*PROBLEM TO WORK ON:*
Scan the records below for the line with "以天然亚麻为载体,融合热烈色" and the line with "You're searching for", and retype that range exactly, both ends included, pictures excepted.

*TASK INPUTS:*
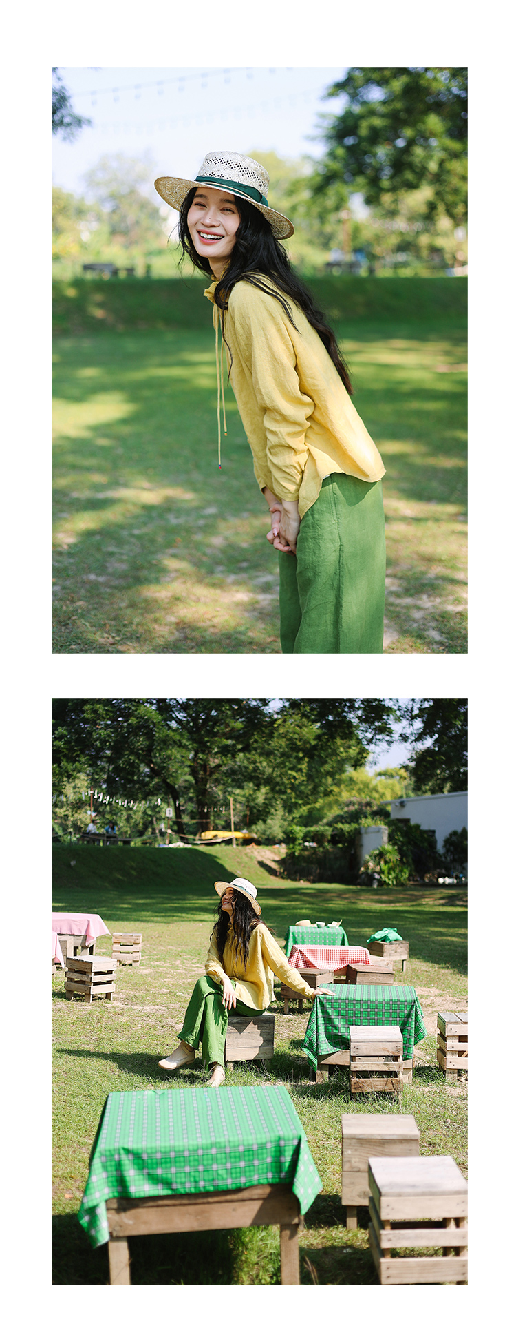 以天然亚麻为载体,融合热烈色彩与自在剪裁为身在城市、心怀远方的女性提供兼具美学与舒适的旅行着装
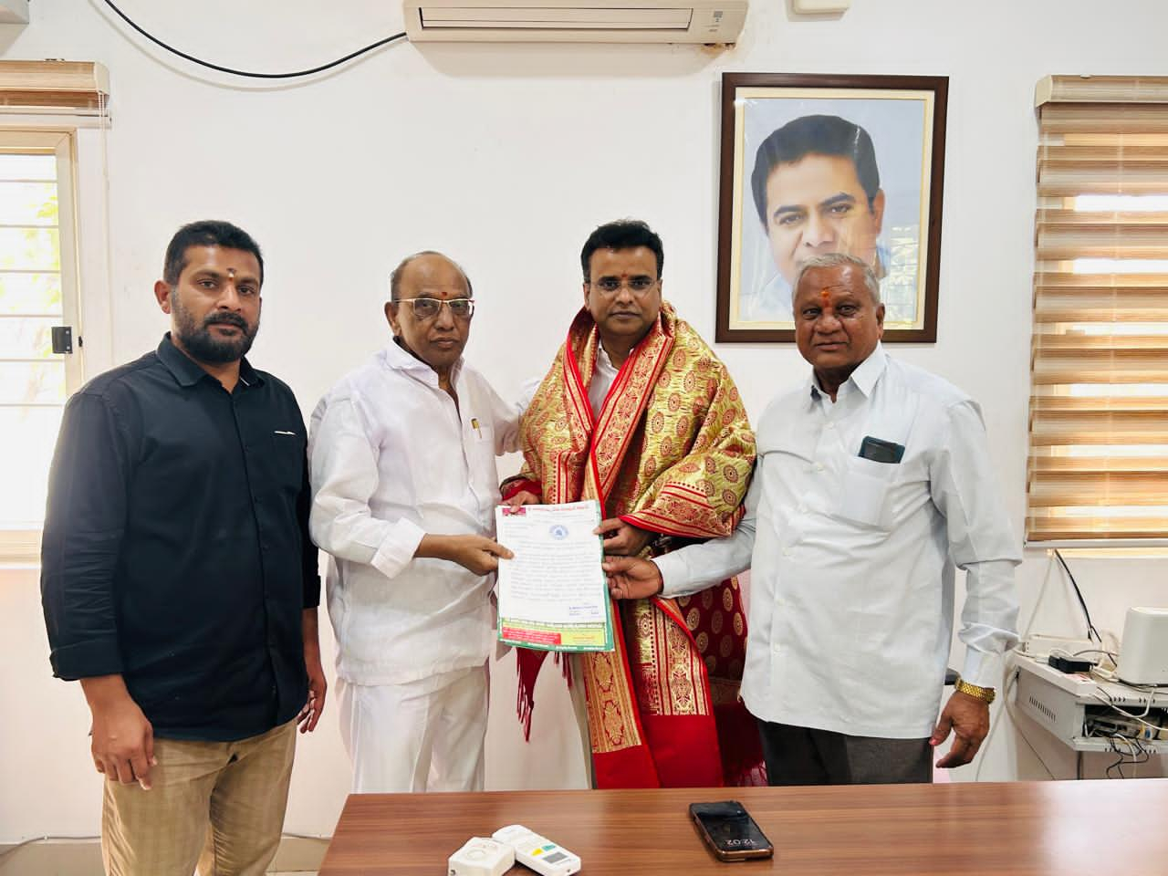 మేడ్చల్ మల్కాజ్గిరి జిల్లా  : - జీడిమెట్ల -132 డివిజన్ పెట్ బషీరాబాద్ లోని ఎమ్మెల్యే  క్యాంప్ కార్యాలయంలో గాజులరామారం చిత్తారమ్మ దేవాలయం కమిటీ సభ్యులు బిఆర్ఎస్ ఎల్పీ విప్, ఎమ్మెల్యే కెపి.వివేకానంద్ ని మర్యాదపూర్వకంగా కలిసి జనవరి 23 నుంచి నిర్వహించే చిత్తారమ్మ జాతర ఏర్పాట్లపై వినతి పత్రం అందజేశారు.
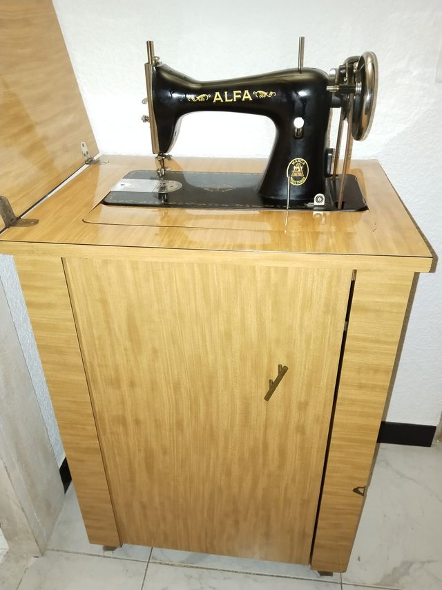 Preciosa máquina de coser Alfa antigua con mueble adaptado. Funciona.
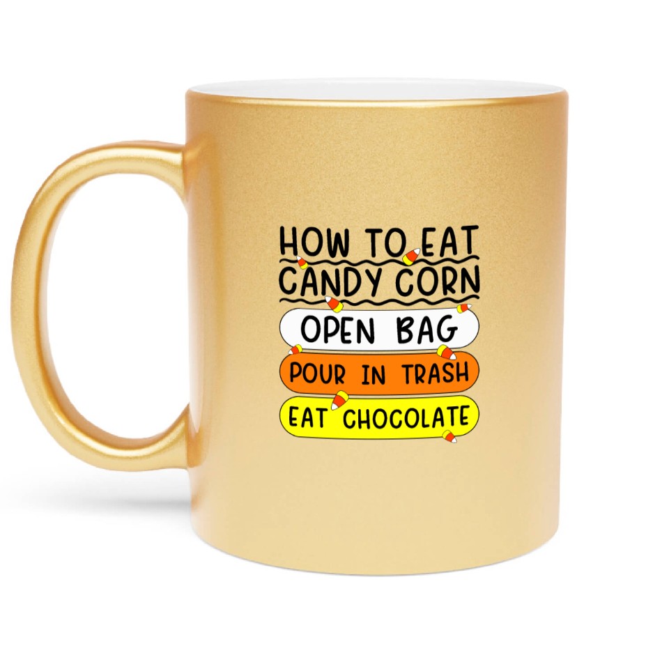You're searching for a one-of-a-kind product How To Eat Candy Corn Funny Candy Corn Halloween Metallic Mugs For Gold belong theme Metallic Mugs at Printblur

==

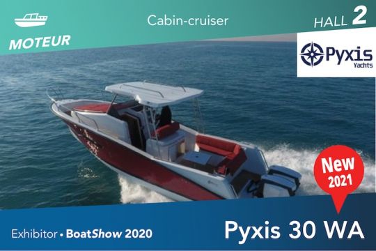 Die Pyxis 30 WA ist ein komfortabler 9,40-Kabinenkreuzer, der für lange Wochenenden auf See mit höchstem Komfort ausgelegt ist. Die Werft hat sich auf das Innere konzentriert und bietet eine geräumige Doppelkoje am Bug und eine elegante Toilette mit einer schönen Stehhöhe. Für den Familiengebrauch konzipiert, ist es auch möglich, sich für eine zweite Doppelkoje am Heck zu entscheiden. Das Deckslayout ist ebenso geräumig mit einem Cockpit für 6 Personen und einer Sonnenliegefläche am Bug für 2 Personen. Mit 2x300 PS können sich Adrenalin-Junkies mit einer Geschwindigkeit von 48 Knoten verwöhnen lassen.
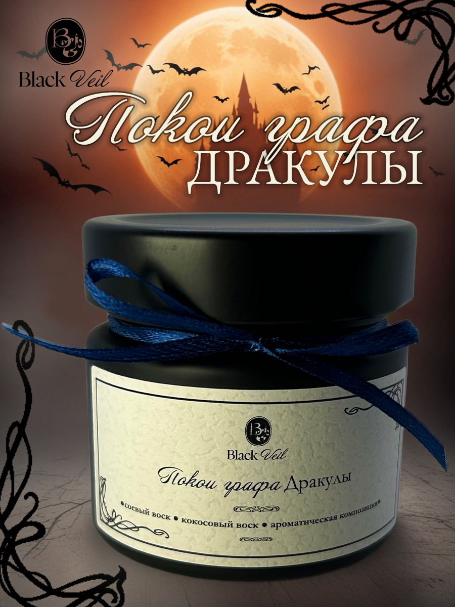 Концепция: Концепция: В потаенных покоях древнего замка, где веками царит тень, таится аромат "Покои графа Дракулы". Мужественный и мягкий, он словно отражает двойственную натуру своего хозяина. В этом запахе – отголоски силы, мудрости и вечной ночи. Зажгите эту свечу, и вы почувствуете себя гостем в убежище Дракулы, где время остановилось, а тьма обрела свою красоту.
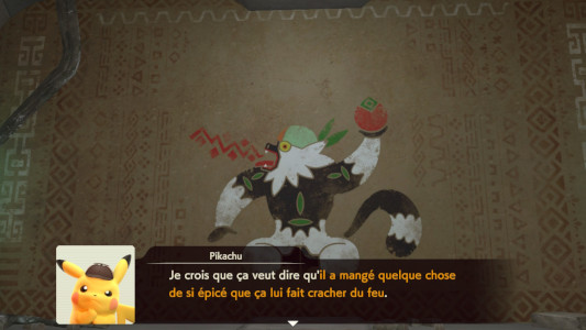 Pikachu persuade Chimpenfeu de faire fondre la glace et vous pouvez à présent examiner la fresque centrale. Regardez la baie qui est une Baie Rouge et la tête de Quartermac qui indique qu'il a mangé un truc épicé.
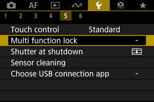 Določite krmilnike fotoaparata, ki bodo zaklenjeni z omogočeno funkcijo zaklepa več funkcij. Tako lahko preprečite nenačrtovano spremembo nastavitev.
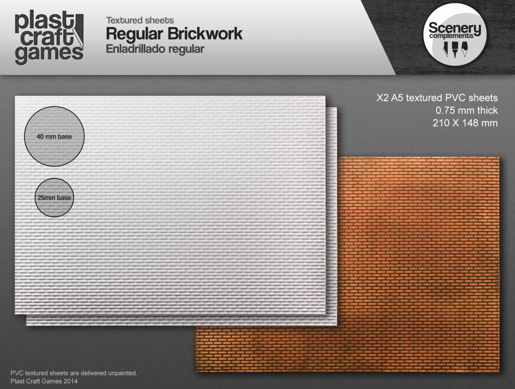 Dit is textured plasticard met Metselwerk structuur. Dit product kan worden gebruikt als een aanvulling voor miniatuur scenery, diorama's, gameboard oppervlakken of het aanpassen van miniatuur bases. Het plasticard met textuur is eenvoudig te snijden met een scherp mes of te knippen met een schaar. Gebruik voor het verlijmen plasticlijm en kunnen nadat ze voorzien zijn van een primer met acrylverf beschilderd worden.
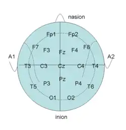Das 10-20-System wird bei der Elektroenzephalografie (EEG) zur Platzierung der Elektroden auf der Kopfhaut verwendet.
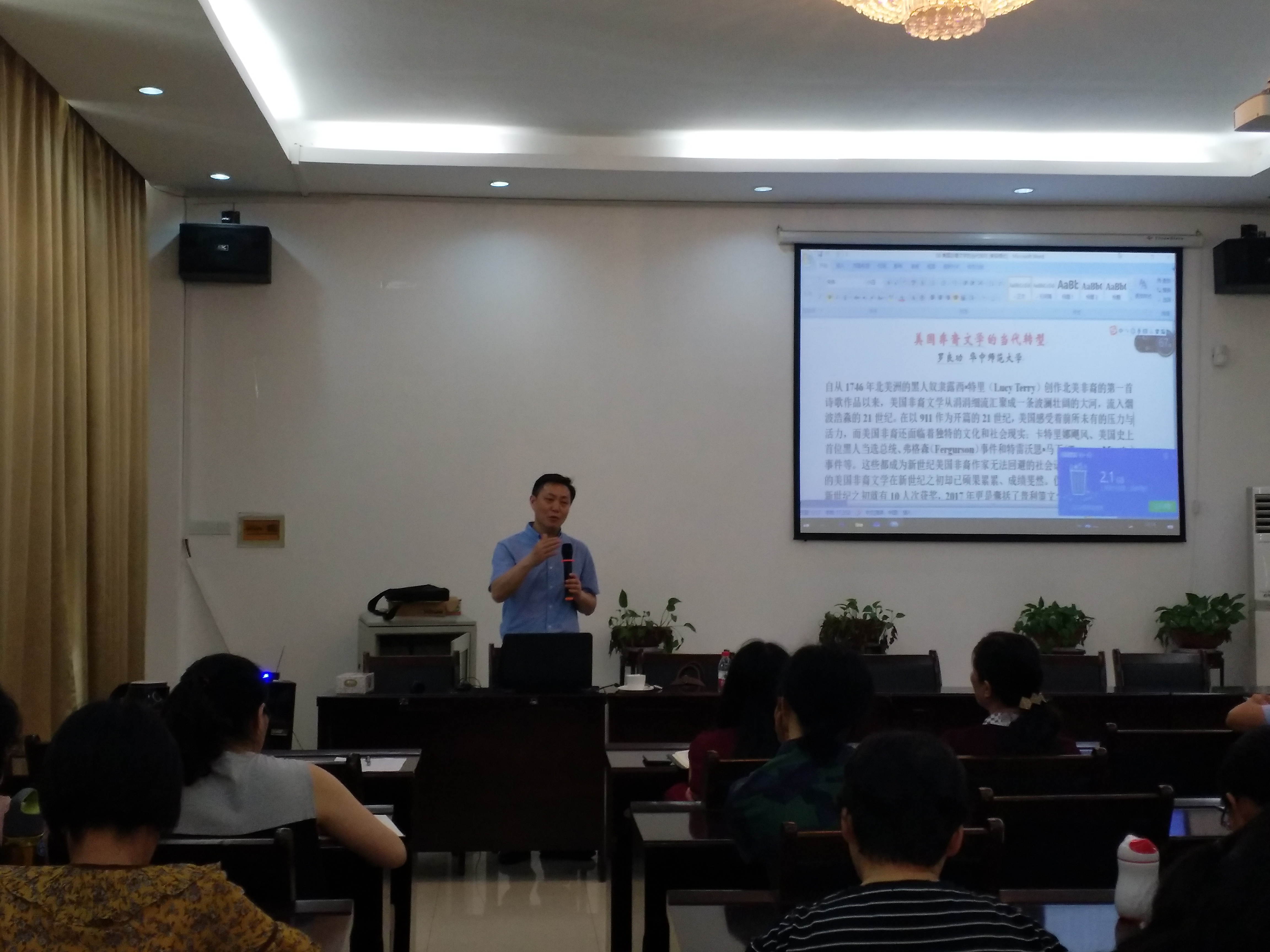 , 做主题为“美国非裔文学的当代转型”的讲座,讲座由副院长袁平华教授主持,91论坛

==

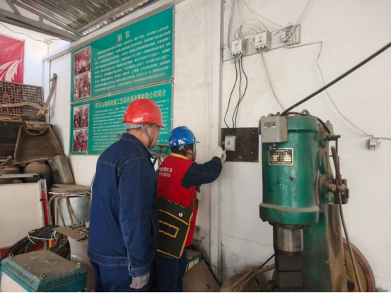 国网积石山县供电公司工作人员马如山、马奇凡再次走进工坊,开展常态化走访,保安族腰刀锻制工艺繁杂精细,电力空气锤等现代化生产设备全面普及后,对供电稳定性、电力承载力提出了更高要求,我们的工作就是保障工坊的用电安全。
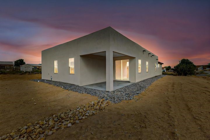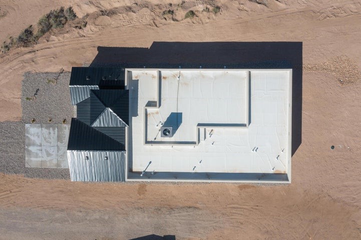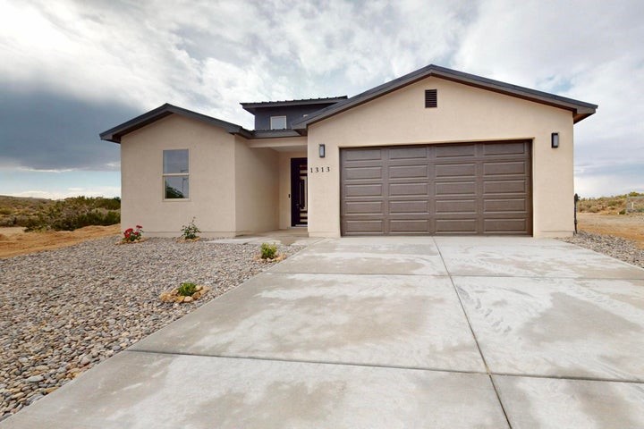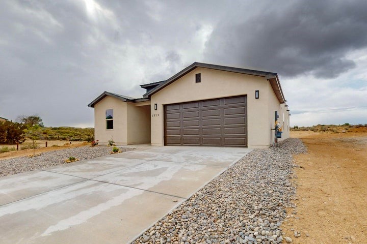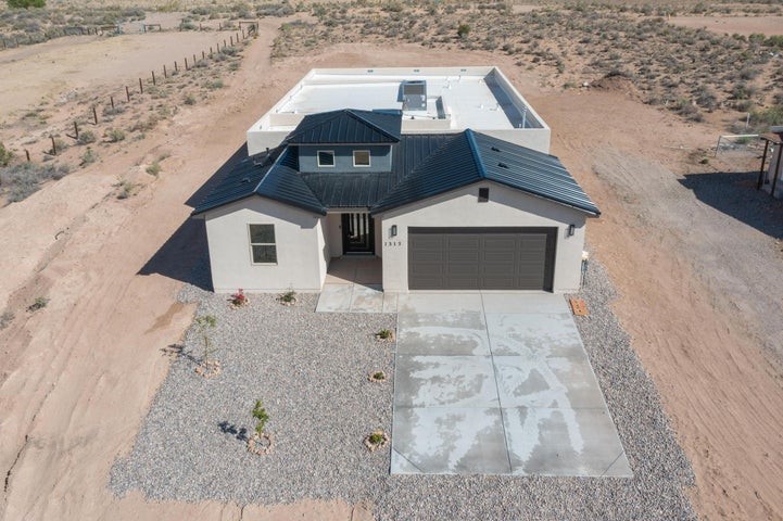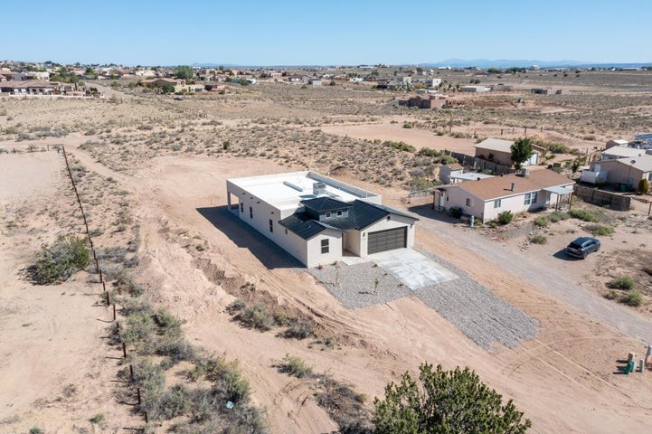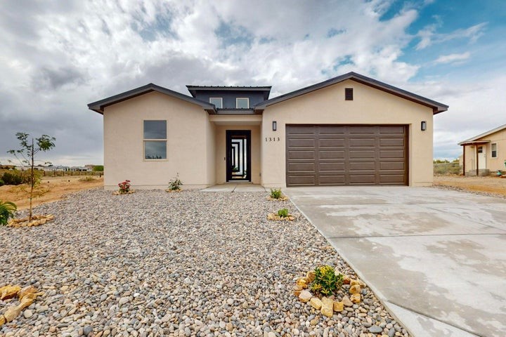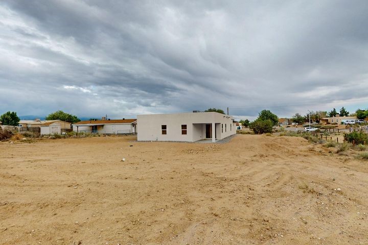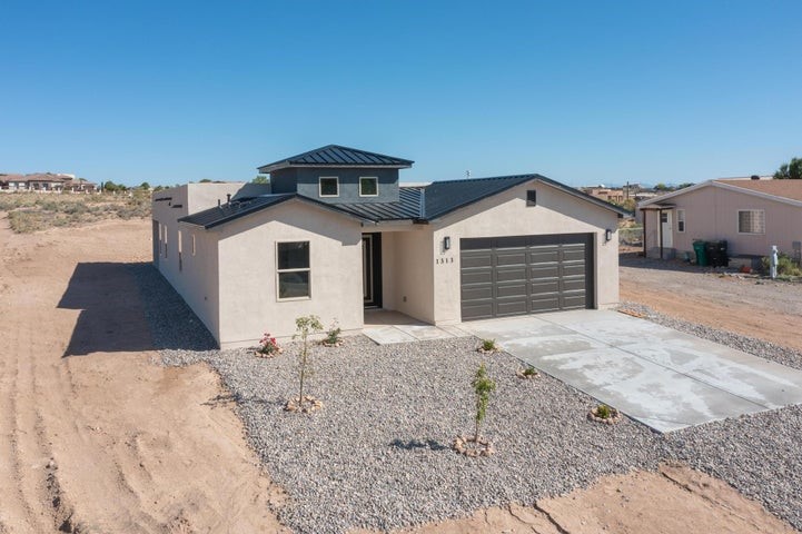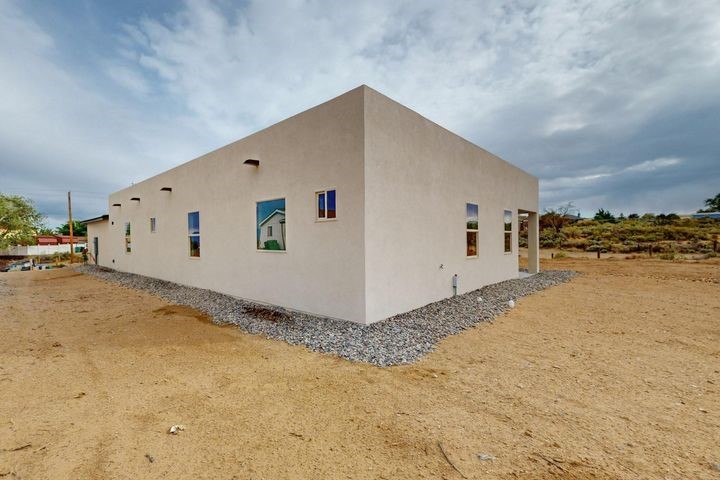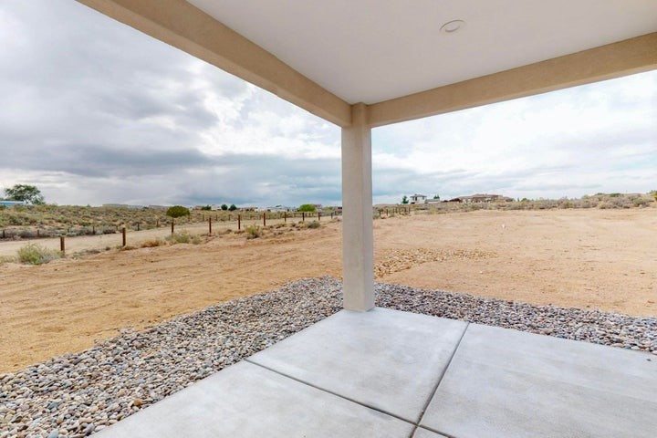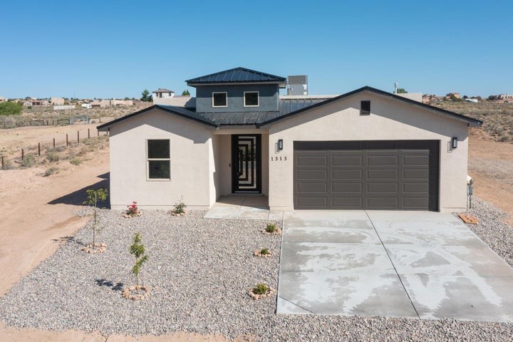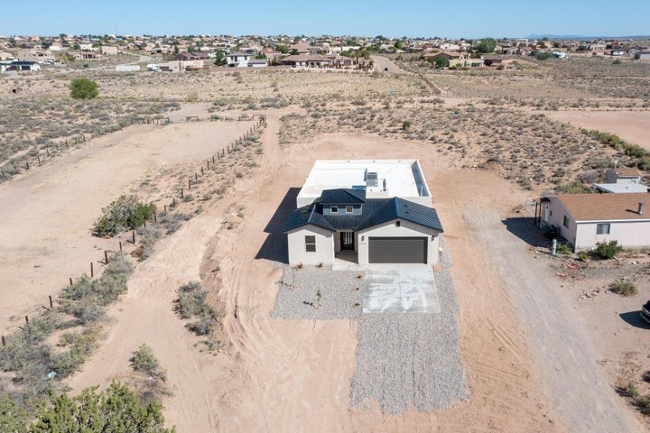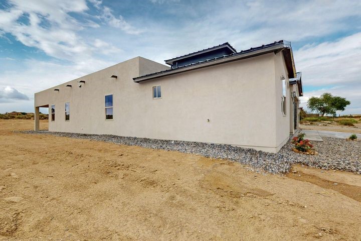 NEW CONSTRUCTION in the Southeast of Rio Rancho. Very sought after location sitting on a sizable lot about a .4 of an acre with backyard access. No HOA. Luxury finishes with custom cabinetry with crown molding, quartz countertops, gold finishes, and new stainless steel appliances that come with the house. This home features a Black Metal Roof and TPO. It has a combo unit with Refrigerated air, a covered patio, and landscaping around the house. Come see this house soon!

*WRITTEN REPLY:*
 以天然亚麻为载体,融合热烈色彩与自在剪裁为身在城市、心怀远方的女性提供兼具美学与舒适的旅行着装
 మేడ్చల్ మల్కాజ్గిరి జిల్లా  : - జీడిమెట్ల -132 డివిజన్ పెట్ బషీరాబాద్ లోని ఎమ్మెల్యే  క్యాంప్ కార్యాలయంలో గాజులరామారం చిత్తారమ్మ దేవాలయం కమిటీ సభ్యులు బిఆర్ఎస్ ఎల్పీ విప్, ఎమ్మెల్యే కెపి.వివేకానంద్ ని మర్యాదపూర్వకంగా కలిసి జనవరి 23 నుంచి నిర్వహించే చిత్తారమ్మ జాతర ఏర్పాట్లపై వినతి పత్రం అందజేశారు.
 Preciosa máquina de coser Alfa antigua con mueble adaptado. Funciona.
You're searching for a one-of-a-kind product How To Eat Candy Corn Funny Candy Corn Halloween Metallic Mugs For Gold belong theme Metallic Mugs at Printblur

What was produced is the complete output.